Для филолога брать интервью у директора Пушкинского дома, члена-корреспондента Российской академии наук Всеволода Багно - это всё равно, что теннисному болельщику общаться с первой ракеткой мира Марией Шараповой. Он знаменит, весьма уважаем и очень обаятелен. В Крым Всеволод Евгеньевич приехал на первые международные грибоедовские чтения, которые недавно проходили в Алуште. А вообще-то с полуостровом его связывают давние и многогранные отношения. Впрочем, об этом позже. Для среднестатистического крымчанина сотрудник Института русской литературы РАН, более известного как Пушкинский дом, - это человек из параллельного мира. Тем любопытнее было искать точки соприкосновения, точки взаимного интереса.

«Пешы исчо» и чтение на пляже

- Как вы думаете, станет ли модно быть грамотным? Спрашиваю, потому что безграмотные речь и письмо, похоже, стали вариантом нормы. Как-то мне попались данные украинских социологов: менее 30% людей, по финансовым показателям относящихся к среднему классу - к этой опоре любого общества, имеют высшее образование. Стало быть, остальные его не имеют за ненадобностью. Да и высшее образование не означает, что его носитель обязательно грамотен.

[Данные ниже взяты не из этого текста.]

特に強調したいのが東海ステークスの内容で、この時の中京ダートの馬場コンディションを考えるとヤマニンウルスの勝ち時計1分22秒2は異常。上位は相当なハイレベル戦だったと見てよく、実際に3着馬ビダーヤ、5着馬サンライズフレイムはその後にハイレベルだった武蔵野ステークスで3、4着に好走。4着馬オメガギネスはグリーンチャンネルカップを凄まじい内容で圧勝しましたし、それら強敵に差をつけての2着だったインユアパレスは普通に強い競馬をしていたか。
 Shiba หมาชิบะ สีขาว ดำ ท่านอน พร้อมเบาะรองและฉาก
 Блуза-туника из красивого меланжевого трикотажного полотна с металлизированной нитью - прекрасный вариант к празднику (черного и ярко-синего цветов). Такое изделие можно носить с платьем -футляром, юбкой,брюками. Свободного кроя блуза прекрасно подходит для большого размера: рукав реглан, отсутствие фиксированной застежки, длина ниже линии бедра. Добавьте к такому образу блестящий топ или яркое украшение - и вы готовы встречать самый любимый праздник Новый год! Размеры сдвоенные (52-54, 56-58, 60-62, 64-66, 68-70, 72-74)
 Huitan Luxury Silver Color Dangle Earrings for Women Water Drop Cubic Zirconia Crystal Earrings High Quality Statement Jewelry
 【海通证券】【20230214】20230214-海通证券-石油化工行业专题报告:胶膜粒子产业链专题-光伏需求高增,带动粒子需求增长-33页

- Сама по себе грамотность может быть модной только тогда, наверное, когда она будет выгодной. Если рассматривать в качестве грамотности знание языка, то должно стать выгодно знать язык. И ничего страшного в этом нет. Маленький ребёнок ещё ничего не знает, и его родители пытаются строить ему жизнь, потому что любят его больше всего на свете. Естественно, они хотят дать ему те знания, которые будут наиболее перспективны.

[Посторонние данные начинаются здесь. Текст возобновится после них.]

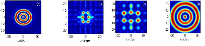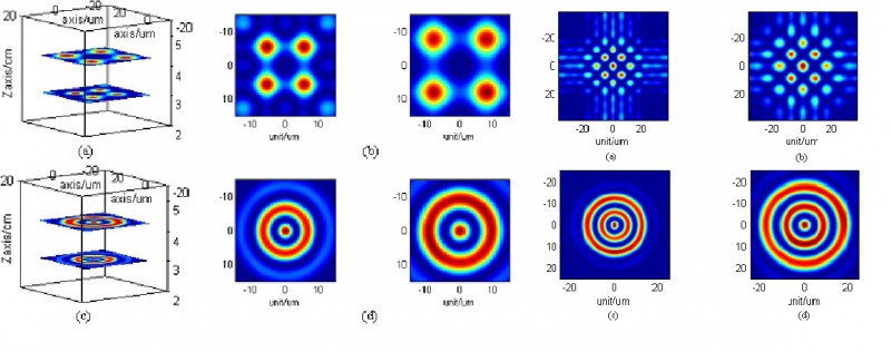 圖1 (上) 雙層矩形陣列焦斑;(下) 雙層環(huán)形陣列焦斑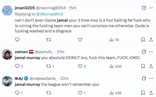 1.我觉得也不该全怪穆雷,三届MVP约基奇表现也很差,他在故意搞破坏,他也是NBA的一个耻辱;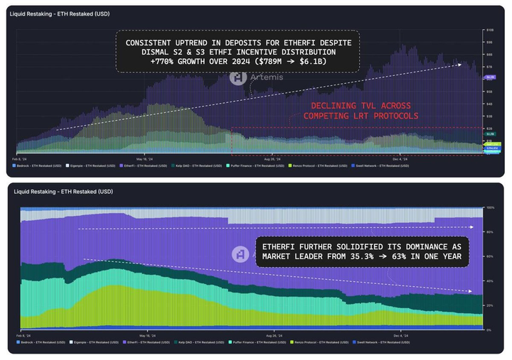 值得注意的是,@ether_fi 的市场主导地位显著提升(从 35.3% 增至 63%),其 TVL 在 2024 年增长了约 770%,即使在 S1 和 S2 stakedrop 结束后仍然保持增长。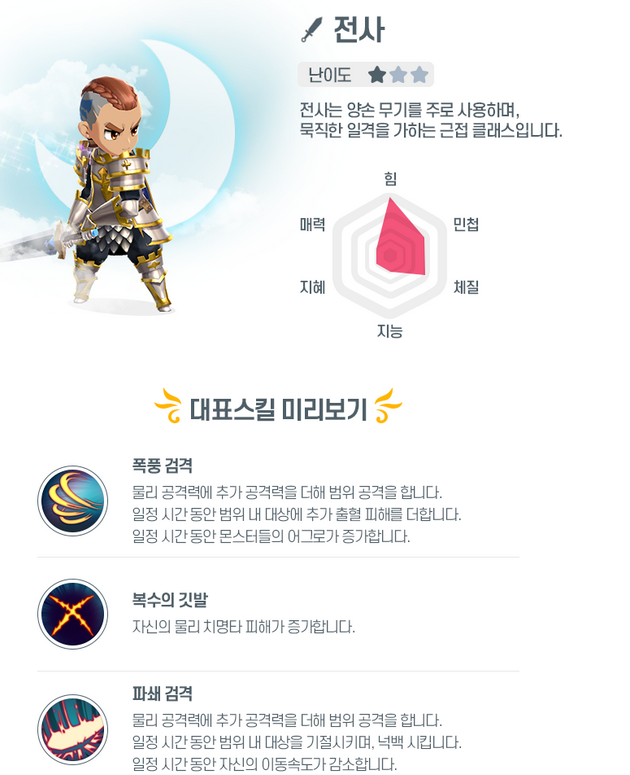 전사는 가장 난이도가 낮은 캐릭터입니다.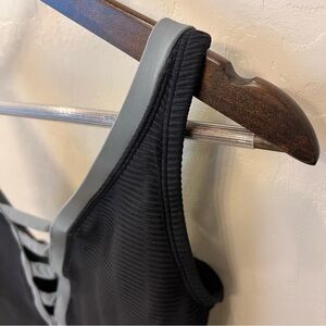 Bleu Rod Beattie lined one piece swimsuit, black with grey trim details, adjustable straps, soft cup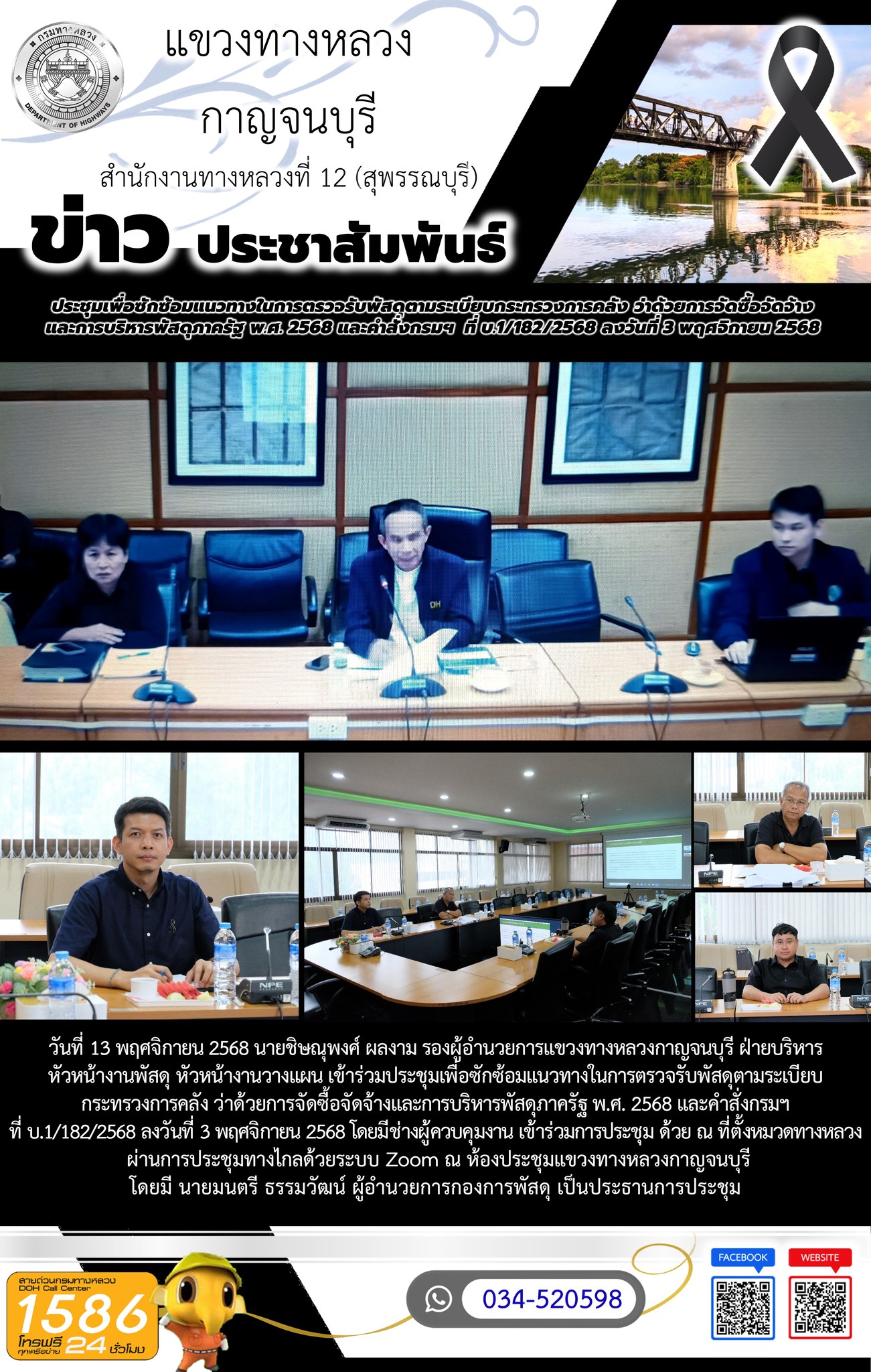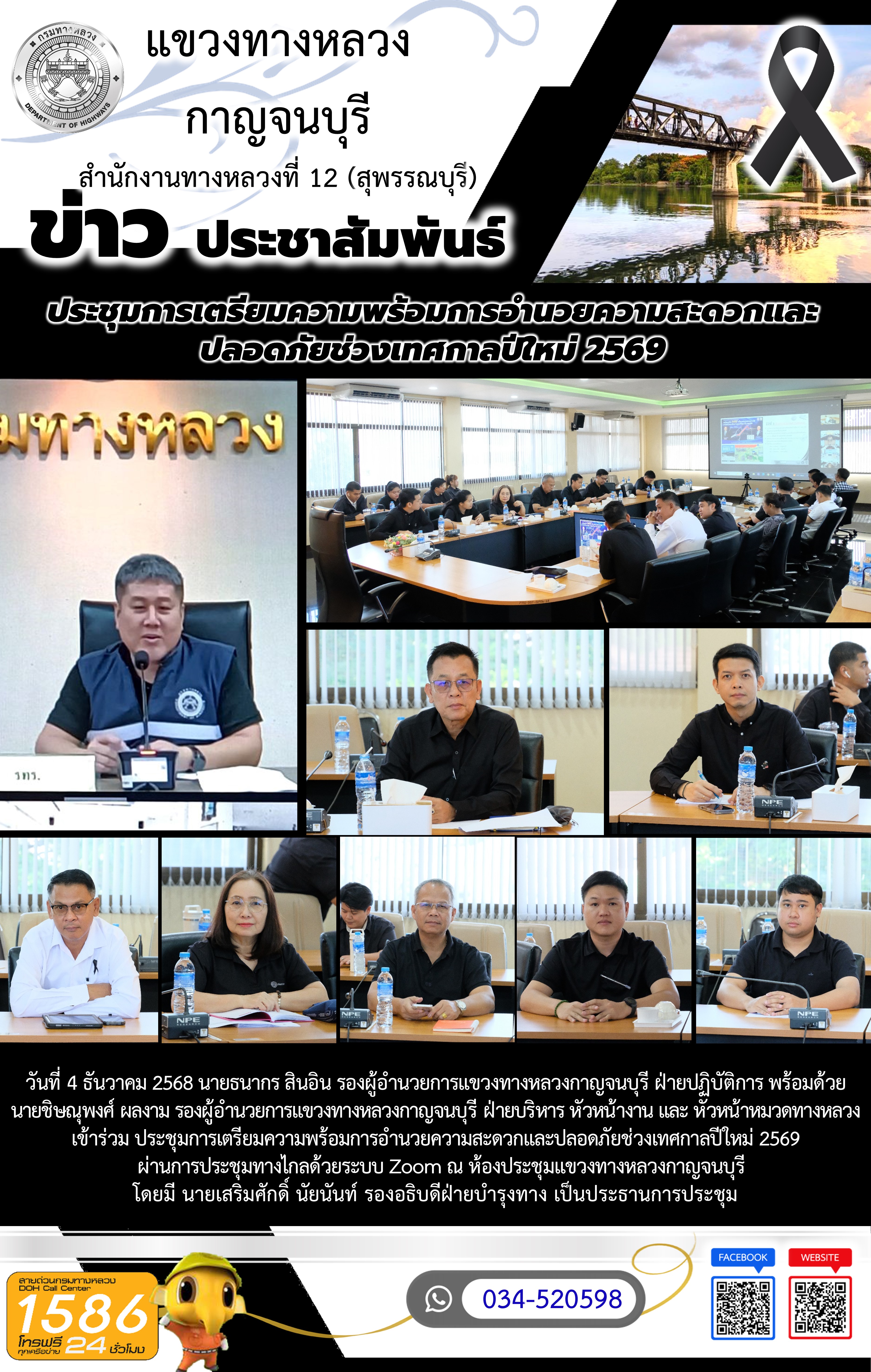 วันที่ 4 ธันวาคม 2568 นายธนากร สินอิน รองผู้อำนวยการแขวงทางหลวงกาญจนบุรี ฝ่ายปฏิบัติการ พร้อมด้วย นายชิษณุพงศ์ ผลงาม รองผู้อำนวยการแขวงทางหลวงกาญจนบุรี ฝ่ายบริหาร หัวหน้างาน และ หัวหน้าหมวดทางหลวง เข้าร่วม ประชุมการเตรียมความพร้อมการอำนวยความสะดวกและปลอดภัยช่วงเทศกาลปีใหม่ 2569 ผ่านการประชุมทางไกลด้วยระบบ Zoom ณ ห้องประชุมแขวงทางหลวงกาญจนบุรี โดยมี นายเสริมศักดิ์ นัยนันท์ รองอธิบดีฝ่ายบำรุงทาง เป็นประธานการประชุม

Свято место и пусто не бывает, и слишком многое туда не поместится. Когда мы начинаем страдать из-за того, что из школьной программы выбрасываются какие-то предметы, предположим, гуманитарные, мы же должны понимать, что они не просто так выкидываются: не из прихоти и вредности. Чтобы меня правильно поняли, подчеркну, что я, безусловно, буду бороться за то, чтобы гуманитарные предметы оставались. Но я понимаю и то, что кто-то - чуждый лично для меня - хочет внедрить знания, которые с его точки зрения будут полезными поколению. И вот с этой полезностью, возможно, я и соглашусь. Скажем, у моего поколения не было юридического и экономического образования, а грамотность была. Хорошо или плохо было, если бы у нас было больше экономики и юриспруденции и меньше грамотности? Никто этого не знает.

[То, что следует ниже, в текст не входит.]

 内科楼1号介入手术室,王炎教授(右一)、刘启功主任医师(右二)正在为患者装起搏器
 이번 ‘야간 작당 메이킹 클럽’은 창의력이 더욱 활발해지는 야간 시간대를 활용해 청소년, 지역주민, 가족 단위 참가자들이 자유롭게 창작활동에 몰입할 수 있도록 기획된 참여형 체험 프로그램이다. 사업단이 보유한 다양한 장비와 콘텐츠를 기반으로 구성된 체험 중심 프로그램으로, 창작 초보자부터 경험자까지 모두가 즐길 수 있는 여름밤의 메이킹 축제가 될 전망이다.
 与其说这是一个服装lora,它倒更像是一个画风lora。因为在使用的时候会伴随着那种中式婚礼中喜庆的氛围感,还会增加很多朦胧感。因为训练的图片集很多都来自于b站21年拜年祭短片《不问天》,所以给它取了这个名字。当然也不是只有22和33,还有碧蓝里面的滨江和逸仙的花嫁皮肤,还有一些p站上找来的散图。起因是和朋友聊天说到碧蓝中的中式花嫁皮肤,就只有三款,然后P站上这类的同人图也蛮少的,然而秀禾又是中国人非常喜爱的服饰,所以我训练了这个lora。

С грамотностью дело сейчас обстоит, конечно, отвратительно. Но ведь не ребята же виноваты и не их родители, а система не сумела так организовать себя, чтобы грамотность стала интересной, заиграла, чтобы за ней пошли толпы.

- Вы - человек, который сказал, что массовая литература - это хорошо, потому что для многих она открывает истину, что вообще существует литература...

- ...что существуют культура и искусство. Массовая культура, которая лично мне во многом не симпатична, абсолютно необходима. Благодаря изучению Сервантеса я знаю рыцарские романы и понимаю, что это бессмертный элемент массовой культуры, как и лубок, детектив и прочее. Этот длинный ряд сопровождал и продолжает сопровождать человека.

При этом мы должны понимать, что есть образованные люди и необразованные. И полное хамство для образованного человека (которое тем самым свидетельствует о том, что он необразован) - смотреть на необразованного человека по-хамски. Получается, что ты - хам, а не он, если ты не понимаешь, что он нуждается не в том, в чём нуждаешься ты. Или если ты не понимаешь, что он не может ощутить, понять и полюбить то, что любишь ты.

Массовую культуру мы можем пытаться сделать эстетически более яркой. И те из нас, кто сдвигается в ту сторону, отчасти это делают для зарабатывания денег, но в то же время они дают людям, которые не получили образования, не одарены от Бога так, как ты, хотя бы что-то, чтобы приходить в мир культуры и искусства.

- Вас можно представить, скажем, загорающим на пляже с томиком Акунина?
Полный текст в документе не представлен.